═════ Dataset records

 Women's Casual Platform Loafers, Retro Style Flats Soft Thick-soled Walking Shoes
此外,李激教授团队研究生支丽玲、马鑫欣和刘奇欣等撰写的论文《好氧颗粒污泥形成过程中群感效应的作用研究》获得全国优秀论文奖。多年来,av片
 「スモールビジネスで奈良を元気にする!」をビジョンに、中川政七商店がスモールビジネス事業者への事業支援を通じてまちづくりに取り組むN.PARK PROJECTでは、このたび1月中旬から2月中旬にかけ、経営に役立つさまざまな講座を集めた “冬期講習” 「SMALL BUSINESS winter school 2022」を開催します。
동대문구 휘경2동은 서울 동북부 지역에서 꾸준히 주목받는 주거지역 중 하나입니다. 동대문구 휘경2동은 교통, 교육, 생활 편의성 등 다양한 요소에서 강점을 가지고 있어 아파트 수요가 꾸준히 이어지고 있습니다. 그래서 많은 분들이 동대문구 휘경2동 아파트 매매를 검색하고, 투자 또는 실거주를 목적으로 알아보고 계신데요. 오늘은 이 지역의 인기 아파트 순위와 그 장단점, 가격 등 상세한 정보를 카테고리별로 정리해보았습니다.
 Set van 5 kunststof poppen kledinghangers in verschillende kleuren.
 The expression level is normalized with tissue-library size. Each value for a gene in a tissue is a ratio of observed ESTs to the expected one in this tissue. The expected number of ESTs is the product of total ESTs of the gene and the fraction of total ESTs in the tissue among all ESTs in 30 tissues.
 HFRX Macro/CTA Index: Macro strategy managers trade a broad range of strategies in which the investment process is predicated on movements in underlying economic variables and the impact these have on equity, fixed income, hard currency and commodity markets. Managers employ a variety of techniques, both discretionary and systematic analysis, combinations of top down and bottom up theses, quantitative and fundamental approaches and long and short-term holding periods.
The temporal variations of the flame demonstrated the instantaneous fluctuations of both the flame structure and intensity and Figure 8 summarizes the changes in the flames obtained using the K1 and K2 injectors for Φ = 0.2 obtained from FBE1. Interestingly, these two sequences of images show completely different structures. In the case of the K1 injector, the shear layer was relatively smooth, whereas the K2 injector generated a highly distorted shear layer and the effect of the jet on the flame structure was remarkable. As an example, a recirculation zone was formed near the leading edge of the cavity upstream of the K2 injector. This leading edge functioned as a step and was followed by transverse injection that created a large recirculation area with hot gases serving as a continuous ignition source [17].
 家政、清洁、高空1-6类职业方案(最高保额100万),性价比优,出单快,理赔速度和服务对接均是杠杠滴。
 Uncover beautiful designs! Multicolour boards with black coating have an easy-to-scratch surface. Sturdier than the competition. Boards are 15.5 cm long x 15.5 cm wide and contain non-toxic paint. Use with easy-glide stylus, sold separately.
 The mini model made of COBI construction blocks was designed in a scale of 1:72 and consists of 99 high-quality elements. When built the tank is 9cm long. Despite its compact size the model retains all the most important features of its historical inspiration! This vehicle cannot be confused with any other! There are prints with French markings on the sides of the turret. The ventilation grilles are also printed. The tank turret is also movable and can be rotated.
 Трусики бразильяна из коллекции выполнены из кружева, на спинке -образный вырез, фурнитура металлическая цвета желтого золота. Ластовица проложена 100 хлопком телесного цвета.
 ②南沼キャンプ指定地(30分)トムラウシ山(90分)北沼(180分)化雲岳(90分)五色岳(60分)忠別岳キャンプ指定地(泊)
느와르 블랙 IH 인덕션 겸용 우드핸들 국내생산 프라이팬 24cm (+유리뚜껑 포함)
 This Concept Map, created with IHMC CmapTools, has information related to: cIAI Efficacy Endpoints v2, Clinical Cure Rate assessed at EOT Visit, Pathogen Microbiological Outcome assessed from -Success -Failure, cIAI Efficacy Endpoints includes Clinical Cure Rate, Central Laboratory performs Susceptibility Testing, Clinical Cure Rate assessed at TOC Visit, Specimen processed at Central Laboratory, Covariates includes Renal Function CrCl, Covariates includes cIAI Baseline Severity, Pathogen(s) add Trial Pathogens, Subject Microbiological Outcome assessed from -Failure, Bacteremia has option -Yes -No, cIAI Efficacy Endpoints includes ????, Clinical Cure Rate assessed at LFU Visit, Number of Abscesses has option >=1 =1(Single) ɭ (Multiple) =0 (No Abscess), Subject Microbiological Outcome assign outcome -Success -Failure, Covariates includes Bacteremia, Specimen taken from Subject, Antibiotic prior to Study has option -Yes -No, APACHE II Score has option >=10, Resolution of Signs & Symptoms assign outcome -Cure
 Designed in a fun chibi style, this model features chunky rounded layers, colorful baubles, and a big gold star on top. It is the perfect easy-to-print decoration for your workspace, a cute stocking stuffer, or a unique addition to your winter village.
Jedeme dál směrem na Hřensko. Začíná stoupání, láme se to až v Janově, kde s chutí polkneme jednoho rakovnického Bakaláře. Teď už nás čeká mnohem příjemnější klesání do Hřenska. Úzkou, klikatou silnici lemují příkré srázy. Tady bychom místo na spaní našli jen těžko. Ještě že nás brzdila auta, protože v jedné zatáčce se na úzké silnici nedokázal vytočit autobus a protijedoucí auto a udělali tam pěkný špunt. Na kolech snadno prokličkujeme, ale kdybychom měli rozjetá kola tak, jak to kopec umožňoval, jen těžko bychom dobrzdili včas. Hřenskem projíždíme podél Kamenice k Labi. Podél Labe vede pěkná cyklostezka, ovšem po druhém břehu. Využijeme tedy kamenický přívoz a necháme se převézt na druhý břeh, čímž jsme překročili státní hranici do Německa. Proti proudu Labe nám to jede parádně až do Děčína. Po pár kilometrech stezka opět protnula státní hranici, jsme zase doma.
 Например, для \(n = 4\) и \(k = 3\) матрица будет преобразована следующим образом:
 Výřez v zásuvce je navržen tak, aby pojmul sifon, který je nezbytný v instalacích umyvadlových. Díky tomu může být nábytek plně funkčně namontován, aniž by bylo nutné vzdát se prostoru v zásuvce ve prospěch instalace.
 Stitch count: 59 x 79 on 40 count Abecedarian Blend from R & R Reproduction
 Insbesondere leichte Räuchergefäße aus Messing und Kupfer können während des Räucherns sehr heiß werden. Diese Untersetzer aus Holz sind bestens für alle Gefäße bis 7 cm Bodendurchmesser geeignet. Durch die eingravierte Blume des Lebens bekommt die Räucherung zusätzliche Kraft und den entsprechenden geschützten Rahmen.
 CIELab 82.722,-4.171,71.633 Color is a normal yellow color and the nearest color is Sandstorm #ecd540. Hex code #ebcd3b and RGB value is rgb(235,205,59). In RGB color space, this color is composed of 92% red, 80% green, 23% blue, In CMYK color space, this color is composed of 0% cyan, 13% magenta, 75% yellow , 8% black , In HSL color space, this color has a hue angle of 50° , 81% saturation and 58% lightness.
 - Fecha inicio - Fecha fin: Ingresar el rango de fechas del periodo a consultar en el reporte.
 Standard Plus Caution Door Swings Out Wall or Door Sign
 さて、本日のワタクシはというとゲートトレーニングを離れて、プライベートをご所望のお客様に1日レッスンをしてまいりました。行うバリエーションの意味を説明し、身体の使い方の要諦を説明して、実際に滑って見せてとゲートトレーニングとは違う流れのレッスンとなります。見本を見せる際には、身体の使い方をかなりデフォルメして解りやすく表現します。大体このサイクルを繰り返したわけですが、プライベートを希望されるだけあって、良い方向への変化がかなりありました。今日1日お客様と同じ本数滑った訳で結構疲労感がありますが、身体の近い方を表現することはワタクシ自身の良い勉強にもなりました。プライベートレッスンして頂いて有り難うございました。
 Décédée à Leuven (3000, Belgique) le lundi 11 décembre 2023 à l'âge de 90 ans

══════════

* What this task involves *
Retype the data exactly.

* Answer area *
 Women's Casual Platform Loafers, Retro Style Flats Soft Thick-soled Walking Shoes
此外,李激教授团队研究生支丽玲、马鑫欣和刘奇欣等撰写的论文《好氧颗粒污泥形成过程中群感效应的作用研究》获得全国优秀论文奖。多年来,av片
 「スモールビジネスで奈良を元気にする!」をビジョンに、中川政七商店がスモールビジネス事業者への事業支援を通じてまちづくりに取り組むN.PARK PROJECTでは、このたび1月中旬から2月中旬にかけ、経営に役立つさまざまな講座を集めた “冬期講習” 「SMALL BUSINESS winter school 2022」を開催します。
동대문구 휘경2동은 서울 동북부 지역에서 꾸준히 주목받는 주거지역 중 하나입니다. 동대문구 휘경2동은 교통, 교육, 생활 편의성 등 다양한 요소에서 강점을 가지고 있어 아파트 수요가 꾸준히 이어지고 있습니다. 그래서 많은 분들이 동대문구 휘경2동 아파트 매매를 검색하고, 투자 또는 실거주를 목적으로 알아보고 계신데요. 오늘은 이 지역의 인기 아파트 순위와 그 장단점, 가격 등 상세한 정보를 카테고리별로 정리해보았습니다.
 Set van 5 kunststof poppen kledinghangers in verschillende kleuren.
 The expression level is normalized with tissue-library size. Each value for a gene in a tissue is a ratio of observed ESTs to the expected one in this tissue. The expected number of ESTs is the product of total ESTs of the gene and the fraction of total ESTs in the tissue among all ESTs in 30 tissues.
 HFRX Macro/CTA Index: Macro strategy managers trade a broad range of strategies in which the investment process is predicated on movements in underlying economic variables and the impact these have on equity, fixed income, hard currency and commodity markets. Managers employ a variety of techniques, both discretionary and systematic analysis, combinations of top down and bottom up theses, quantitative and fundamental approaches and long and short-term holding periods.
The temporal variations of the flame demonstrated the instantaneous fluctuations of both the flame structure and intensity and Figure 8 summarizes the changes in the flames obtained using the K1 and K2 injectors for Φ = 0.2 obtained from FBE1. Interestingly, these two sequences of images show completely different structures. In the case of the K1 injector, the shear layer was relatively smooth, whereas the K2 injector generated a highly distorted shear layer and the effect of the jet on the flame structure was remarkable. As an example, a recirculation zone was formed near the leading edge of the cavity upstream of the K2 injector. This leading edge functioned as a step and was followed by transverse injection that created a large recirculation area with hot gases serving as a continuous ignition source [17].
 家政、清洁、高空1-6类职业方案(最高保额100万),性价比优,出单快,理赔速度和服务对接均是杠杠滴。
 Uncover beautiful designs! Multicolour boards with black coating have an easy-to-scratch surface. Sturdier than the competition. Boards are 15.5 cm long x 15.5 cm wide and contain non-toxic paint. Use with easy-glide stylus, sold separately.
 The mini model made of COBI construction blocks was designed in a scale of 1:72 and consists of 99 high-quality elements. When built the tank is 9cm long. Despite its compact size the model retains all the most important features of its historical inspiration! This vehicle cannot be confused with any other! There are prints with French markings on the sides of the turret. The ventilation grilles are also printed. The tank turret is also movable and can be rotated.
 Трусики бразильяна из коллекции выполнены из кружева, на спинке -образный вырез, фурнитура металлическая цвета желтого золота. Ластовица проложена 100 хлопком телесного цвета.
 ②南沼キャンプ指定地(30分)トムラウシ山(90分)北沼(180分)化雲岳(90分)五色岳(60分)忠別岳キャンプ指定地(泊)
느와르 블랙 IH 인덕션 겸용 우드핸들 국내생산 프라이팬 24cm (+유리뚜껑 포함)
 This Concept Map, created with IHMC CmapTools, has information related to: cIAI Efficacy Endpoints v2, Clinical Cure Rate assessed at EOT Visit, Pathogen Microbiological Outcome assessed from -Success -Failure, cIAI Efficacy Endpoints includes Clinical Cure Rate, Central Laboratory performs Susceptibility Testing, Clinical Cure Rate assessed at TOC Visit, Specimen processed at Central Laboratory, Covariates includes Renal Function CrCl, Covariates includes cIAI Baseline Severity, Pathogen(s) add Trial Pathogens, Subject Microbiological Outcome assessed from -Failure, Bacteremia has option -Yes -No, cIAI Efficacy Endpoints includes ????, Clinical Cure Rate assessed at LFU Visit, Number of Abscesses has option >=1 =1(Single) ɭ (Multiple) =0 (No Abscess), Subject Microbiological Outcome assign outcome -Success -Failure, Covariates includes Bacteremia, Specimen taken from Subject, Antibiotic prior to Study has option -Yes -No, APACHE II Score has option >=10, Resolution of Signs & Symptoms assign outcome -Cure
 Designed in a fun chibi style, this model features chunky rounded layers, colorful baubles, and a big gold star on top. It is the perfect easy-to-print decoration for your workspace, a cute stocking stuffer, or a unique addition to your winter village.
Jedeme dál směrem na Hřensko. Začíná stoupání, láme se to až v Janově, kde s chutí polkneme jednoho rakovnického Bakaláře. Teď už nás čeká mnohem příjemnější klesání do Hřenska. Úzkou, klikatou silnici lemují příkré srázy. Tady bychom místo na spaní našli jen těžko. Ještě že nás brzdila auta, protože v jedné zatáčce se na úzké silnici nedokázal vytočit autobus a protijedoucí auto a udělali tam pěkný špunt. Na kolech snadno prokličkujeme, ale kdybychom měli rozjetá kola tak, jak to kopec umožňoval, jen těžko bychom dobrzdili včas. Hřenskem projíždíme podél Kamenice k Labi. Podél Labe vede pěkná cyklostezka, ovšem po druhém břehu. Využijeme tedy kamenický přívoz a necháme se převézt na druhý břeh, čímž jsme překročili státní hranici do Německa. Proti proudu Labe nám to jede parádně až do Děčína. Po pár kilometrech stezka opět protnula státní hranici, jsme zase doma.
 Например, для \(n = 4\) и \(k = 3\) матрица будет преобразована следующим образом:
 Výřez v zásuvce je navržen tak, aby pojmul sifon, který je nezbytný v instalacích umyvadlových. Díky tomu může být nábytek plně funkčně namontován, aniž by bylo nutné vzdát se prostoru v zásuvce ve prospěch instalace.
 Stitch count: 59 x 79 on 40 count Abecedarian Blend from R & R Reproduction
 Insbesondere leichte Räuchergefäße aus Messing und Kupfer können während des Räucherns sehr heiß werden. Diese Untersetzer aus Holz sind bestens für alle Gefäße bis 7 cm Bodendurchmesser geeignet. Durch die eingravierte Blume des Lebens bekommt die Räucherung zusätzliche Kraft und den entsprechenden geschützten Rahmen.
 CIELab 82.722,-4.171,71.633 Color is a normal yellow color and the nearest color is Sandstorm #ecd540. Hex code #ebcd3b and RGB value is rgb(235,205,59). In RGB color space, this color is composed of 92% red, 80% green, 23% blue, In CMYK color space, this color is composed of 0% cyan, 13% magenta, 75% yellow , 8% black , In HSL color space, this color has a hue angle of 50° , 81% saturation and 58% lightness.
 - Fecha inicio - Fecha fin: Ingresar el rango de fechas del periodo a consultar en el reporte.
 Standard Plus Caution Door Swings Out Wall or Door Sign
 さて、本日のワタクシはというとゲートトレーニングを離れて、プライベートをご所望のお客様に1日レッスンをしてまいりました。行うバリエーションの意味を説明し、身体の使い方の要諦を説明して、実際に滑って見せてとゲートトレーニングとは違う流れのレッスンとなります。見本を見せる際には、身体の使い方をかなりデフォルメして解りやすく表現します。大体このサイクルを繰り返したわけですが、プライベートを希望されるだけあって、良い方向への変化がかなりありました。今日1日お客様と同じ本数滑った訳で結構疲労感がありますが、身体の近い方を表現することはワタクシ自身の良い勉強にもなりました。プライベートレッスンして頂いて有り難うございました。
 Décédée à Leuven (3000, Belgique) le lundi 11 décembre 2023 à l'âge de 90 ans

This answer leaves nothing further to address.